### WHAT YOU SHOULD DO
With every picture left out, give the data below back exactly.

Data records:
§ §
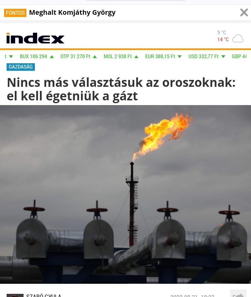 Válasz medikus #5552. hozzászólásáraA háború kitörésekor miért lett többszöröse a gázár? Amikor még az eu sok orosz gázt vett? Mert putyin ugyanolyan olcsón adta, azért lett dràga? Azért állt le középeurópa műtràgyagyártása, mer olcsó volt a gáz? Azért volt hazànkban is 40 ezer forint a műtràgya mert putyin ugyanolyan olcsón adta a gázt? A faszt! Nem adta olcsón, ahogy most sem adja. Azért kerül 7x annyiba a gáz, a rezsicsökkentett szint fölött. És azért arat mindenki erősen, hogy ebben a hónapban befejezze a munkát a szárító, mert utána nem fogják bekapcsolni az égőfejet, akármi is lesz.
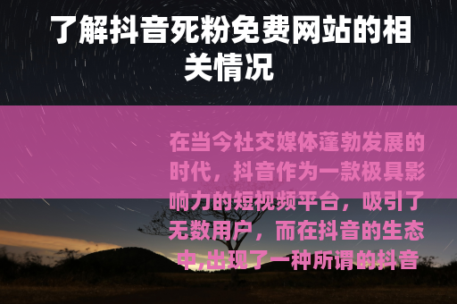 在当今社交媒体蓬勃发展的时代,抖音作为一款极具影响力的短视频平台,吸引了无数用户,而在抖音的生态中,出现了一种所谓的抖音死粉免费网站的现象。
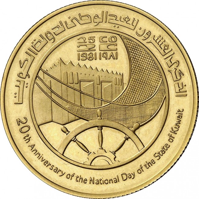 Dates, building, fishing net and captain's wheel within circle Lettering: الذكرى العشرون للعيد الوطنى لدولة الكويت 25 CO 2 C 1981 ١٩۸١ 20th Anniversary of the National Day of the State of Kuwait
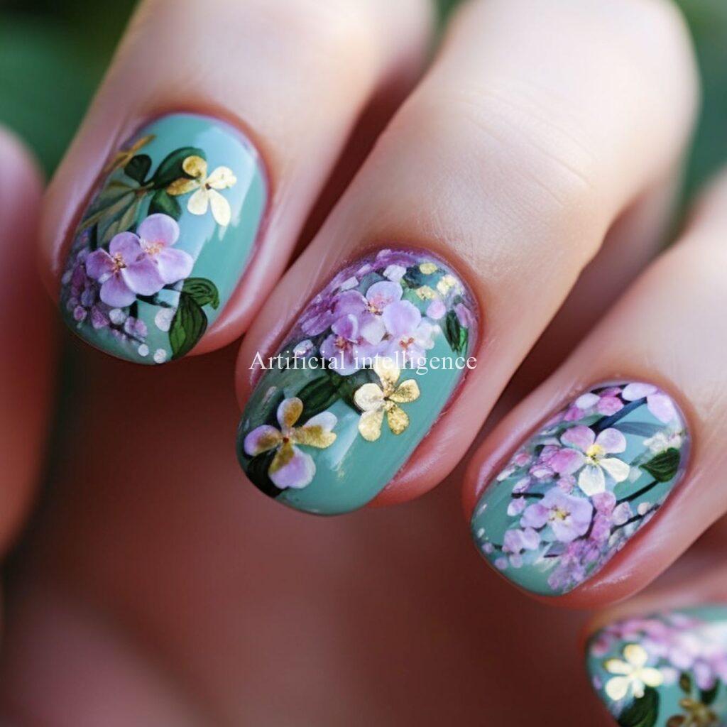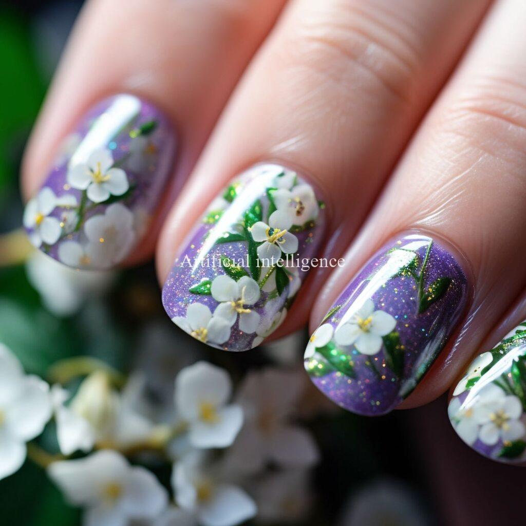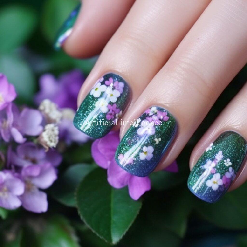 庭に咲く芳しい花のネイルをコンセプトにAIイラストツールで架空の画像を生成しました。
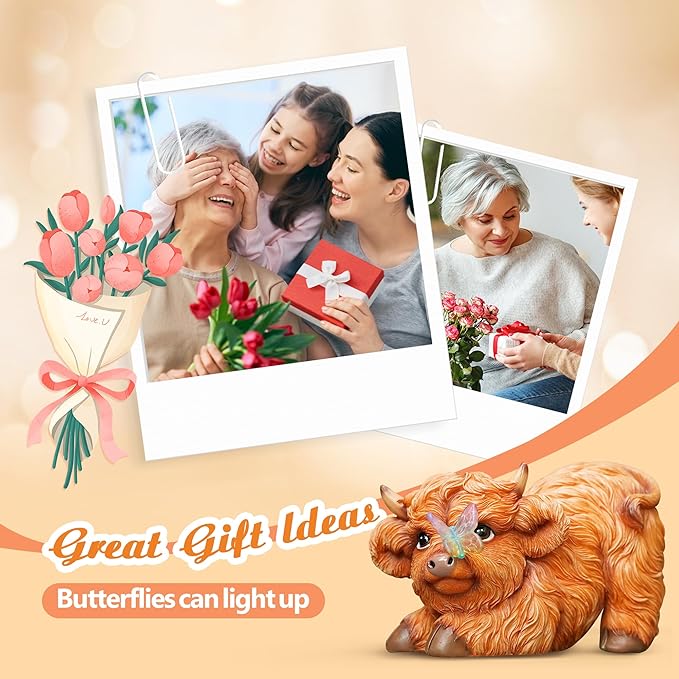 Highland Cow Solar Powered Outdoor Garden Statue, Resin Highland Cow Statue with Solar Light Lantern, Decorative Lawn, Yard Outdoor Highland Cow Decor. Unique Home Decorations, Gifts for Women
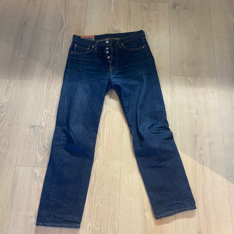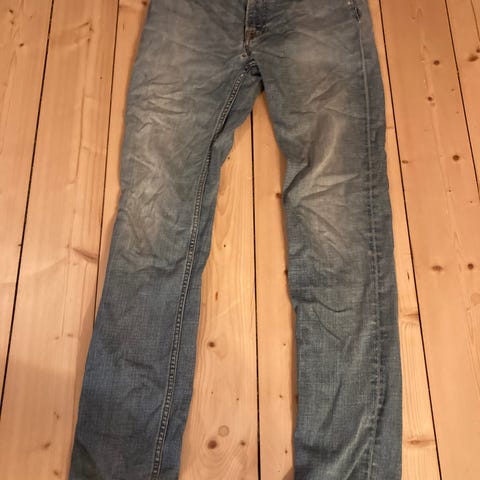 Mørk blå acne jeans, str W:31 L:32. Føles mindre. Smal modell, funker som Unisex også.
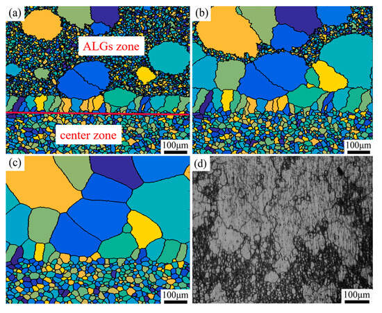 Figure 15 shows the formation process of ALGs in the B region, as obtained by CA simulation. In the figure, the ALGs region is above the red dashed line, and the central region is below. It can be seen that a small amount of recrystallized grains produced in the ALGs region swallowed the surrounding grains, and the formed ALGs were composed of 50–150 μm grains. Because of the high storage energy in the central region, sufficient recrystallization can occur. These recrystallized grains consume the surrounding high storage energy grains and eventually come into contact with the ALGs, as shown in Figure 15a–c. The grain size of the ALGs in this region is smaller relative to the A region, which is due to the higher stress in the B region, which produces relatively more recrystallized grains.
§ §
### EXPECTED ANSWER
 Válasz medikus #5552. hozzászólásáraA háború kitörésekor miért lett többszöröse a gázár? Amikor még az eu sok orosz gázt vett? Mert putyin ugyanolyan olcsón adta, azért lett dràga? Azért állt le középeurópa műtràgyagyártása, mer olcsó volt a gáz? Azért volt hazànkban is 40 ezer forint a műtràgya mert putyin ugyanolyan olcsón adta a gázt? A faszt! Nem adta olcsón, ahogy most sem adja. Azért kerül 7x annyiba a gáz, a rezsicsökkentett szint fölött. És azért arat mindenki erősen, hogy ebben a hónapban befejezze a munkát a szárító, mert utána nem fogják bekapcsolni az égőfejet, akármi is lesz.
 在当今社交媒体蓬勃发展的时代,抖音作为一款极具影响力的短视频平台,吸引了无数用户,而在抖音的生态中,出现了一种所谓的抖音死粉免费网站的现象。
 Dates, building, fishing net and captain's wheel within circle Lettering: الذكرى العشرون للعيد الوطنى لدولة الكويت 25 CO 2 C 1981 ١٩۸١ 20th Anniversary of the National Day of the State of Kuwait
 庭に咲く芳しい花のネイルをコンセプトにAIイラストツールで架空の画像を生成しました。
 Highland Cow Solar Powered Outdoor Garden Statue, Resin Highland Cow Statue with Solar Light Lantern, Decorative Lawn, Yard Outdoor Highland Cow Decor. Unique Home Decorations, Gifts for Women
 Mørk blå acne jeans, str W:31 L:32. Føles mindre. Smal modell, funker som Unisex også.
 Figure 15 shows the formation process of ALGs in the B region, as obtained by CA simulation. In the figure, the ALGs region is above the red dashed line, and the central region is below. It can be seen that a small amount of recrystallized grains produced in the ALGs region swallowed the surrounding grains, and the formed ALGs were composed of 50–150 μm grains. Because of the high storage energy in the central region, sufficient recrystallization can occur. These recrystallized grains consume the surrounding high storage energy grains and eventually come into contact with the ALGs, as shown in Figure 15a–c. The grain size of the ALGs in this region is smaller relative to the A region, which is due to the higher stress in the B region, which produces relatively more recrystallized grains.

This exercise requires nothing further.